On May 29, 2026, Aistaland opened presales for the GT7 and received more than 10,000 orders within five hours ...
A new brand tries to avoid the usual trade-off
That early response drew attention because the GAC-Huawei brand is entering a brutally crowded Chinese new-energy vehicle market with a first model in an unusual body style: a shooting-brake coupe.
Aistaland sits at the intersection of two urgent needs. GAC needs a stronger route through an industry shake-out as joint ventures lose momentum and its own brands seek sharper differentiation. Huawei wants deeper influence in vehicle technology without every partnership being judged through the same control debate that surrounds other technology-led auto alliances.

The structure is unusually deep. The brand, manufacturing and channels sit with GAC. Huawei is heavily involved in technology, team processes and development methods. More than 800 people from the two sides have worked together for over a year, with Huawei's IPD process implanted into GAC's manufacturing system. Product definition, design, development, testing, quality validation and launch decisions are jointly advanced.
This makes Aistaland different from a simple supplier relationship and different from a model where the carmaker appears to surrender the brand to a technology company. Its test is whether shared responsibility can create speed without erasing either side's role.
Finding a new point of cooperation
For many carmakers, working with technology companies remains uncomfortable. Full self-development is possible, but building chips, algorithms, smart cabins and assisted-driving systems requires enormous investment. Full outsourcing can deliver results faster, but it risks diluting the carmaker's brand value and technical capability.
Aistaland is trying to occupy the middle ground. GAC no longer treats Huawei as only a supplier, while Huawei does not appear to insist on taking over the brand. The companies have created a more integrated operating system, with shared decisions on product definition, technology selection and development rhythm.
If it works, Aistaland could become a reference model for traditional manufacturers that need stronger technology support but do not want to give up product control. The GT7's early presale orders are only a first signal, not proof of success, but they suggest the market is willing to examine the idea.

A niche body style becomes a strategic opening
The decision to launch with a shooting-brake coupe is risky, but it is also deliberate. China's mainstream EV segments are crowded and dominated by faster, better-funded players. A new brand entering a conventional sedan or SUV category would face severe pressure from the first day.
The shooting-brake segment is smaller, but less saturated. Zeekr 001 helped move the concept from enthusiast circles into broader consumer awareness, with monthly sales stabilising around 5,000 to 6,000 units. Aistaland's argument is that the segment can be upgraded again with a stronger intelligent-vehicle package from Huawei.

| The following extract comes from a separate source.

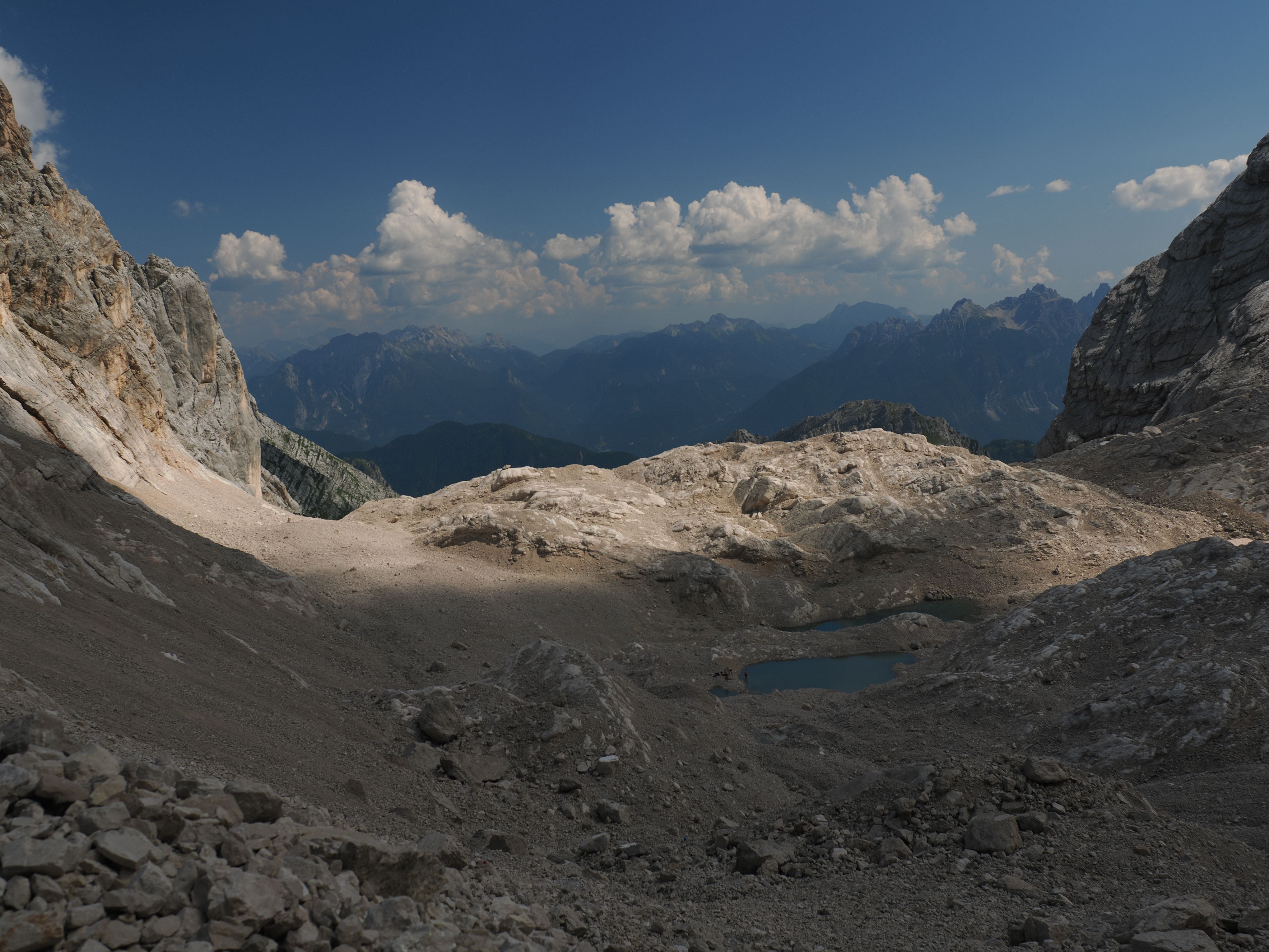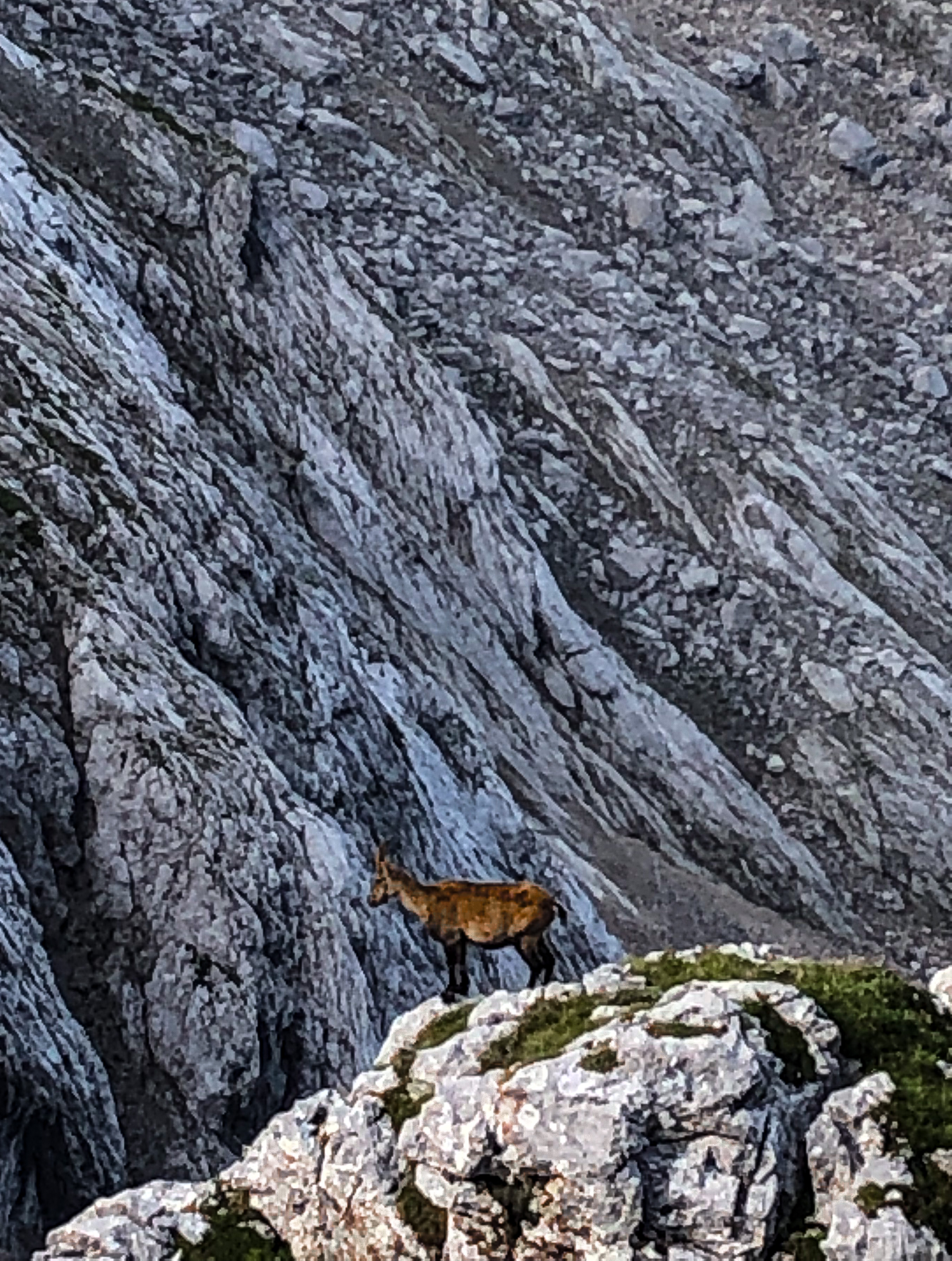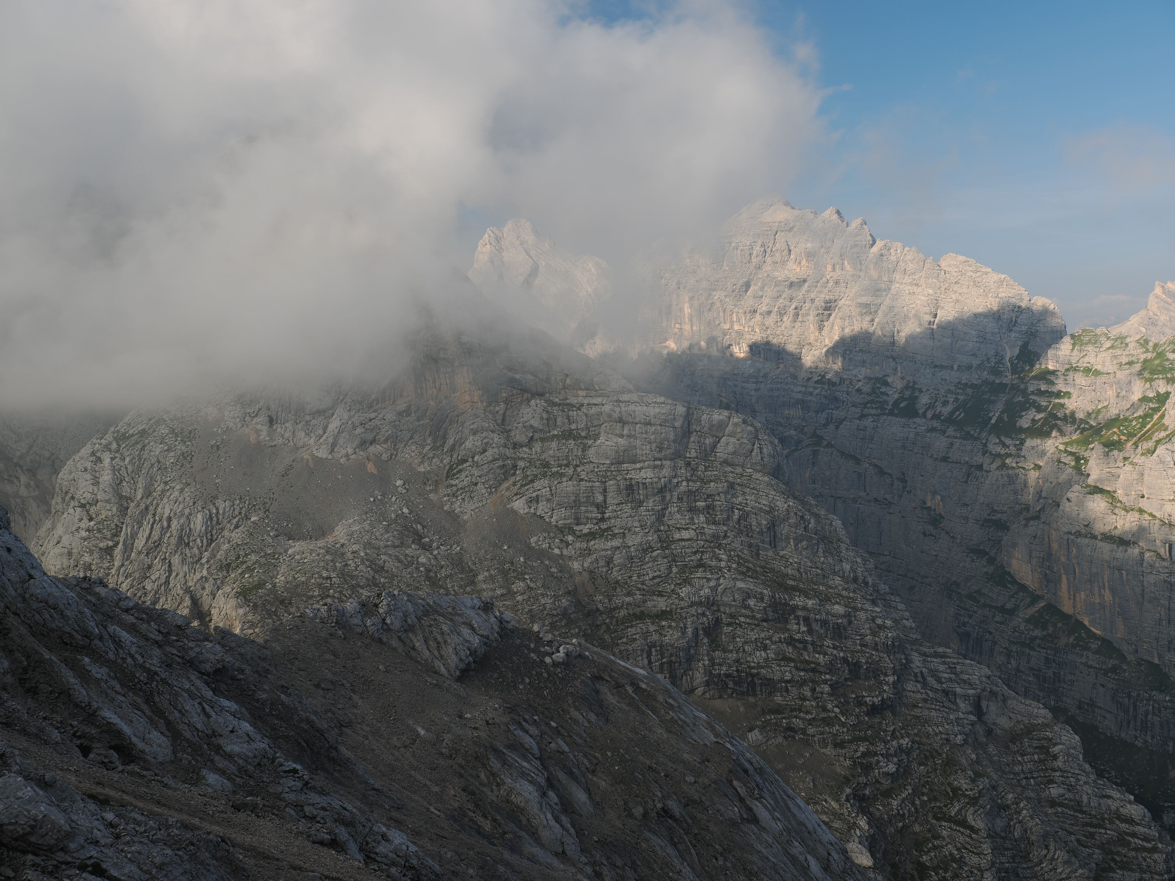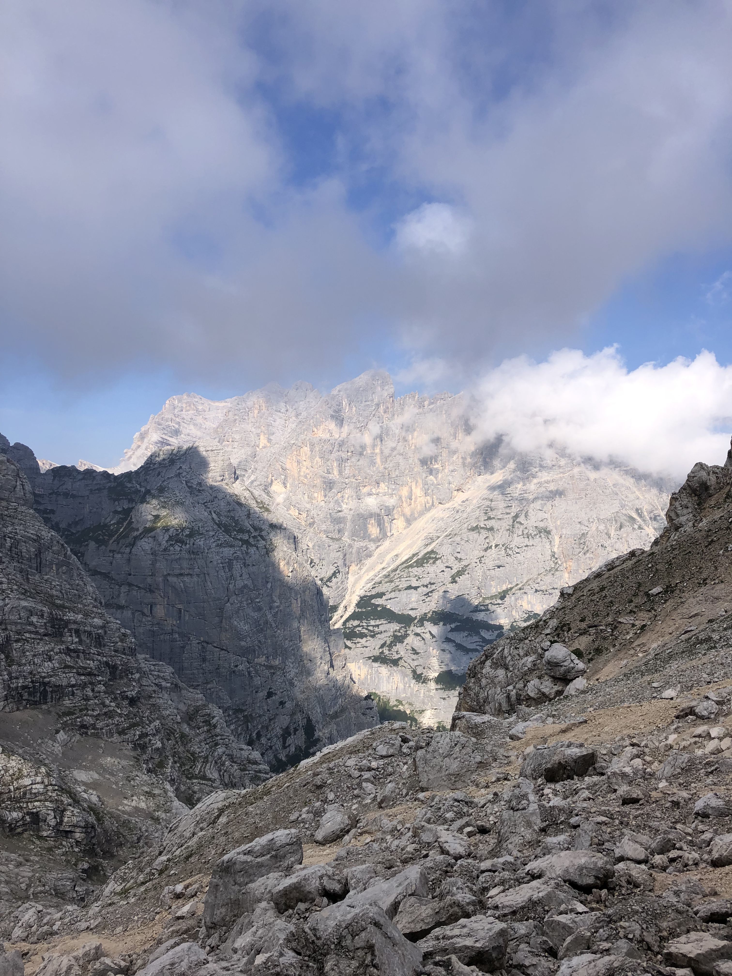 Along the crest of this airy spine, the views opened again and the path became a delightful scramble along the narrow ridge, climbing to 2,600 meters before descending a long switchback and across a face where Claudio found a seep while a chamois watched intently as he collected water. We descended the only small patch of snow we would encounter, hidden deep in the north-facing recess of this huge bowl. The path now wandered through a maze of gigantic boulders and headwalls, then back onto the grassy slopes with the bivacco now in sight. The Bivacco Musatti was a near clone of the Bivacco Tiziano and already had an occupant who, unable to afford lodging in the valley some 1,000 meters below, had hiked up to spend the night. He was a self-described tourist and it seemed, perfectly happy to descend, take in the sights, and return to Musatti at the end of his day. He was on a shoestring budget and this kept it alive and well. We claimed our bunks just as two others arrived, and shortly thereafter, two more, and then two more - the last a desperately romantic young couple. It looked like the bivacco would be packed, but after some discussion, two departed and we were down to 7. This was cramped but tolerable - or so we thought. At lights-out we discovered that the lovers would not be denied, and that one of the other pair was a world-class snorer. His companion, rather than disturbing the bliss of his larger and decidedly moodier buddy, chose instead to entertain himself with videos on his phone - a double-whammy. Then, someone added flatulence, creating the perfect trifecta of sensory abuse. I whimpered quietly, my head buried in my bag. It seemed nothing, including procreation, was taboo in this tiny space. I offered Claudio earplugs but he declined and seemed to fall asleep - how, I did not know...

The timing also matches a shift in younger buyers' behaviour. More consumers are willing to pay for personality, design and experience rather than strict practicality. Aistaland is trying to weaken the old view that shooting brakes look good but are not useful.
The GT7 addresses practicality with a 215-litre front trunk, 647 litres of standard rear luggage space and up to 1,606 litres with the seats folded. With a starting price of about $31,000 and a specification strategy that presents the entry model as well equipped, Aistaland is trying to make the category look both aspirational and usable.
Huawei technology and GAC manufacturing form the pitch
Aistaland's strongest market signal is the combination of Huawei technology and GAC manufacturing. The GT7 includes an 896-line lidar, ADS 5 intelligent driving, HarmonyOS cockpit 5 and the XMC digital chassis engine. For consumers, the message is simple: the car carries a broad Huawei Qiankun technology package.
GAC provides the other half of the proposition. Manufacturing quality, supply-chain management and production discipline are not built overnight. Many start-ups have had to suffer through production ramp-up and process instability. Aistaland can lean on GAC's mature manufacturing base and quality-control standards from the start.
In the smart-EV era, technology may make consumers pay attention, but reliability still determines whether they buy. Aistaland is trying to build a double backstop: Huawei for intelligence and GAC for production confidence.

Speed will matter
Aistaland is moving quickly. The GT7 is scheduled for delivery in June, and the GX7 is expected to launch in the autumn. That means the brand could move from one model to two product lines within half a year.
The retail push is also accelerating. Aistaland plans to open 300 stores across 70 Chinese cities by the end of June. The participation of investors from traditional luxury-brand networks suggests some confidence in the commercial prospects of the new brand.

The risks remain clear. Huawei's technology dividend is being shared across more brands, which could dilute differentiation. The ceiling of the shooting-brake segment is still unproven. Brand recognition takes time, and China's new-energy market is eliminating weaker players quickly.
Even so, Aistaland has a clearer opening than many new entrants. Its cooperation model gives it a distinct industry story, its first model avoids the most crowded body styles, and its dual support from Huawei and GAC gives it a better survival window. The next test is whether early curiosity becomes deliveries, repeatable execution and durable owner trust.